This is my first chocolate cake from Heavenly Cakes, although I think there must be a few dozen different chocolate recipes. I love chocolate, but I've noticed that if I have four desserts to choose from, the chocolate one is almost never my first choice. Not because I hate chocolate--how sad would that be?--but because it's likely to be the least interesting offering. Given the same four desserts, Jim is likely to choose the chocolate one, so I think this was his favorite cake so far.
Like the first two choices, this one is also easy. Although I guess easy is relative. As I sat down to write this post, I got an email from an old friend of mine, who told me that her latest food discovery is a three-minute chocolate cake you make in a mug in the microwave. "It's making the rounds on the net," she said. I googled cake & microwave & mug, and, sure enough, I found about 179,000 references to this fabulous cake. Compared to cake-in-a-mug, the black chocolate party cake requires the skills of a French pastry chef.
The first thing you do is roast some walnuts for seven minutes and then rub the walnut skins off with a dish towel.

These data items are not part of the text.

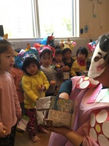 子ども達はまた悪いものが来たのかと戦闘態勢をとっていましたが、悪者じゃないと分かるとニコニコ(^^♪
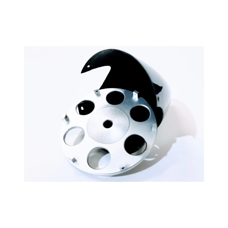 Cône carbone bipale et flasque alu, fixation par vis latérales périphériques.
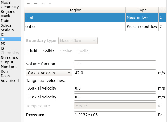 Select regiondialog, select “Mass Inflow” from theBoundary typedrop-down menuSelect the “inlet” region and click
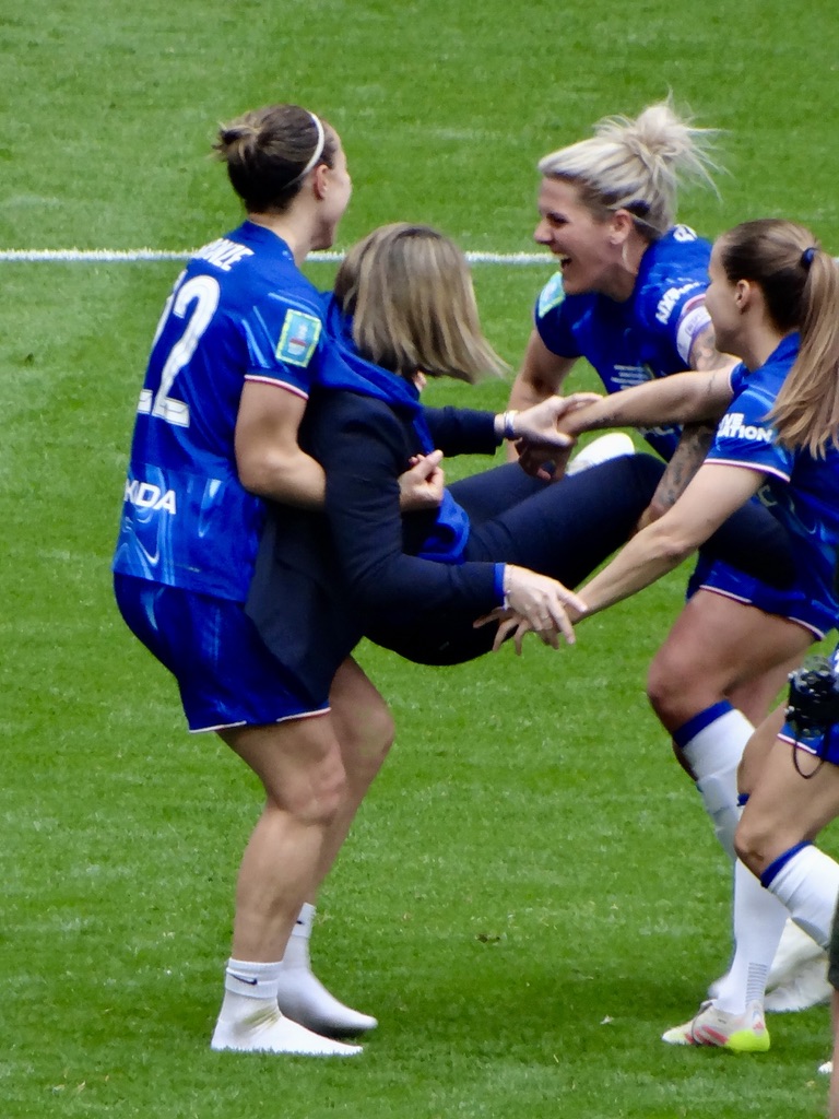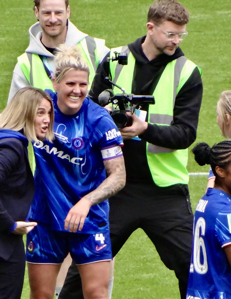 Her stories of Champions League games abroad and the away game at Borehamwood on a waterlogged Meadow Park are funny (and it feels like we are just starting to see her sense of humour at Chelsea, including much laughter in photos below). The OL manager at the time said the pitch was “like a potato field.”
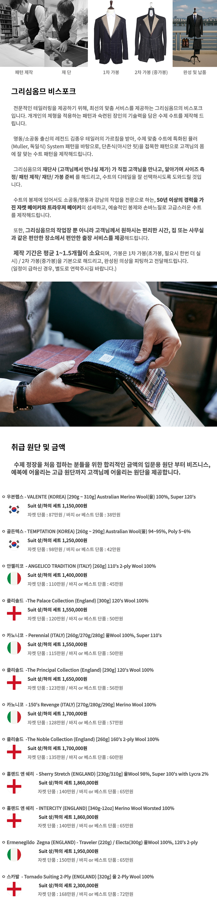 그리심옴므의 재단사가 직접 사이즈측정, 패턴제작, 가봉을 제공하여 고급 비스포그 수트를 제공합니다.

This is where my faith in Rose comes in. My palate is not so refined that I could tell whether the walnuts had been toasted or not, had been skinned or not, and had been in the oven for 7 minutes, or 8 minutes or 9 minutes. But I believe that Rose can tell, and so I will follow where she leads. So far, anyway. At some point, I'll have to decide whether to follow her into quail egg territory, but we're not there yet.

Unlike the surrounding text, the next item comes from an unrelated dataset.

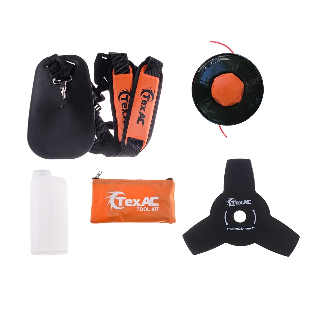 Мотокоса Тех.АС ТА-03-153 поставляется с набором необходимых аксессуаров для выполнения работ по скашиванию травы. В комплект к мотокосе входит плечевой ремень, емкость для приготовления топливной смеси, набор ключей для сборки мотокосы. Так же в комплекте есть трехлепестковый нож, полуавтоматическая шпулька с леской, дополнительная рукоятка, состоящая из двух частей, и сумка для хранения. Для защиты оператора в комплект входит защитный кожух с ножом для подрезания лески.

After the walnuts have been toasted, skinned, and ground, the cake is pretty much a cinch. You mix sour cream, cocoa, and eggs until they look like "slightly lumpy muffin batter."
Then the rest of the batter is mixed up, and the cocoa mixture is added to the batter, and it all goes into a bundt pan.

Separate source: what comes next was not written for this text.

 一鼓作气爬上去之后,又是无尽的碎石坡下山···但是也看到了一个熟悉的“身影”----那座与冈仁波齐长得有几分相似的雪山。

Did you know that the bundt pan was devised by Nordic Ware for a Minneapolis chapter of the Hadassah Society? And that more bundt cakes are used in Minneapolis than in any other city in the world? Well, actually I made up that last part, but the Nordic Ware/Hadassah factoid is true. And you can't go to a potluck in Minnesota without seeing a few bundt cakes on the dessert table.
But you don't find that many bundt cakes that have been saturated with cocoa syrup, which is what makes this cake incredibly moist and delicious. This is the cake as it comes out of the oven.
Here is the top of the cake after the cocoa syrup has been brushed over it.
You then invert the cake on several pieces of plastic wrap and brush on the rest of the syrup, lifting up the wrap and pressing it against the cake so that all the little drips soak into the cake.
I ate mine with a scoop of coffee ice cream, and that was good, but it didn't really need anything.
Rose says you could serve it with "squiggles of caramel ganache," although that might be gilding the lily. Most of the people who ate this cake just took a slice and ate it unadorned.
Karen: "Wonderful texture, wonderful taste."
Jim: "It's good. Make it again. Don't take it all to work."
Teddie: "Your cake is delicious!"
Doug: [who found a piece of cake left on his doorstep] "That cake is wonderful. When I came home and saw it, I thought, 'there is a God.'"
Betty: "I love the nuts--it was like biting into a big candy bar!"